But then, one Monday morning, when Spit had been with old Fyfe for three months, the old man switched the sign on his gate to OUT, and taking Spit by the hand he caught the morning train to Bendigo – a large town one hundred miles away. Fyfe returned next day with Spit and a tall red-headed woman. It wasn’t known at first sight who she was. All three were the last off the train because it was obvious that the lady did not want to be seen. But she was noticed anyway. Though it was the 1930s and the fashion then was short skirts, the lady wore a skirt to her ankles. Even more peculiar, she wore a brown veil that covered her face down to her neck so that only a few strands of her bright red hair were visible. She held Spit’s hand in her own gloved hand, and Fyfe carried her suitcase as they walked straight to Tom Smythe’s gig. It had been waiting for them, obviously pre-arranged by old Fyfe. The gig had a little oval step for mounting to the padded seat, but the veiled lady couldn’t make it without Fyfe’s help. Once up on the seat, still holding Spit’s hand, Tom Smythe drove them to the little house by the river, and it was obvious then that she was Spit’s mother and that Fyfe had built the little cabin expressly for her.

But once she was in it nobody thereafter caught more than a passing glimpse of her sitting in the back garden.
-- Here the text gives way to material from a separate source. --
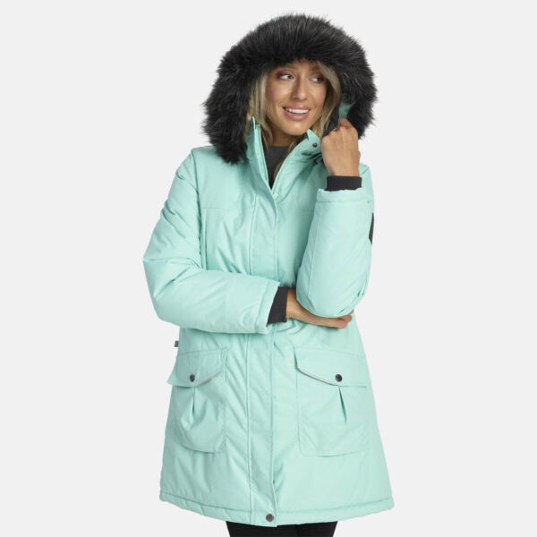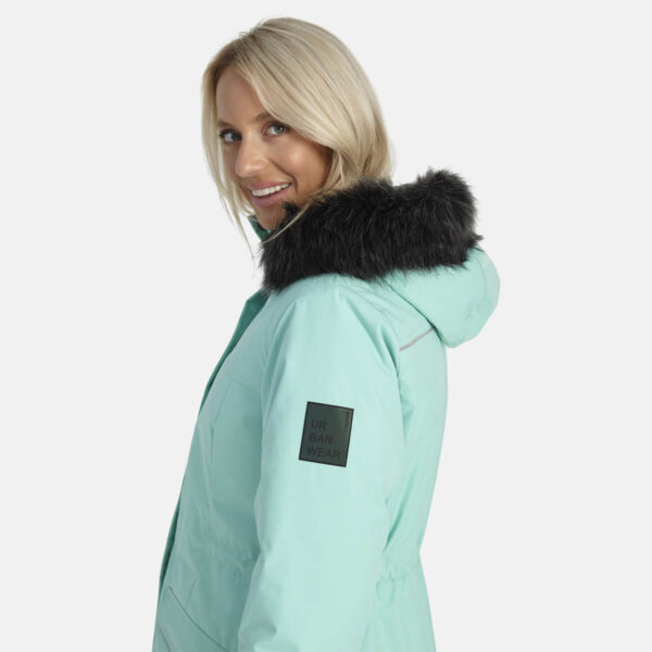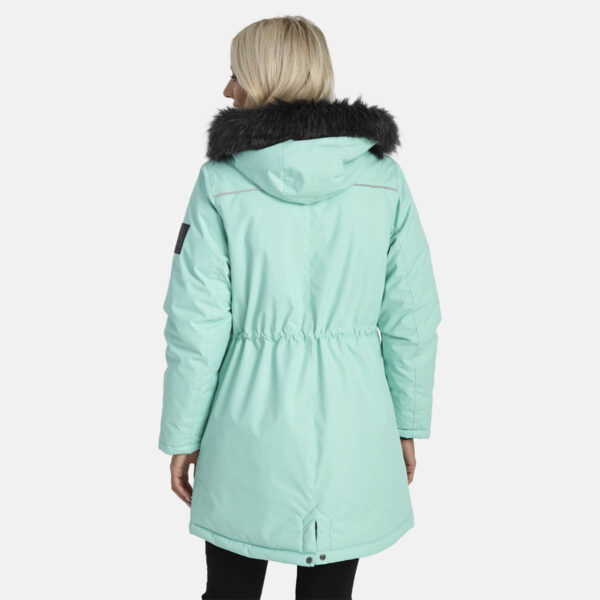 Moteriška neperšlampama ir neperpučiama žieminė parka. Orui laidi išorinė medžiaga. Vidinė parkos dalis iš minkšto pamušalinio audinio. Nuimamas gobtuvas prie apykaklės prisegamas kibiu lipduku. Rankovių apačioje tamprus rankogalis. Juosmenyje įsiūta guminė juostelė su fiksatoriais. Vandeniui atsparios klijuotos siūlės. Gobtuvas apsiūtas dirbiniu kailiu. Viršutinis audinys su šviesą atspindinčiomis detalėmis.

She would sometimes sit there on a deck chair, holding a faded green parasol low over her head. Sometimes she was shelling peas or peeling potatoes or sewing, but more often than not she simply sat there as if that was all she could manage, never speaking to anyone, even when some of the ladies shouted a greeting to her. Sometimes Spit was seen spread across her knees, face down, kicking his legs, but nobody ever saw her face.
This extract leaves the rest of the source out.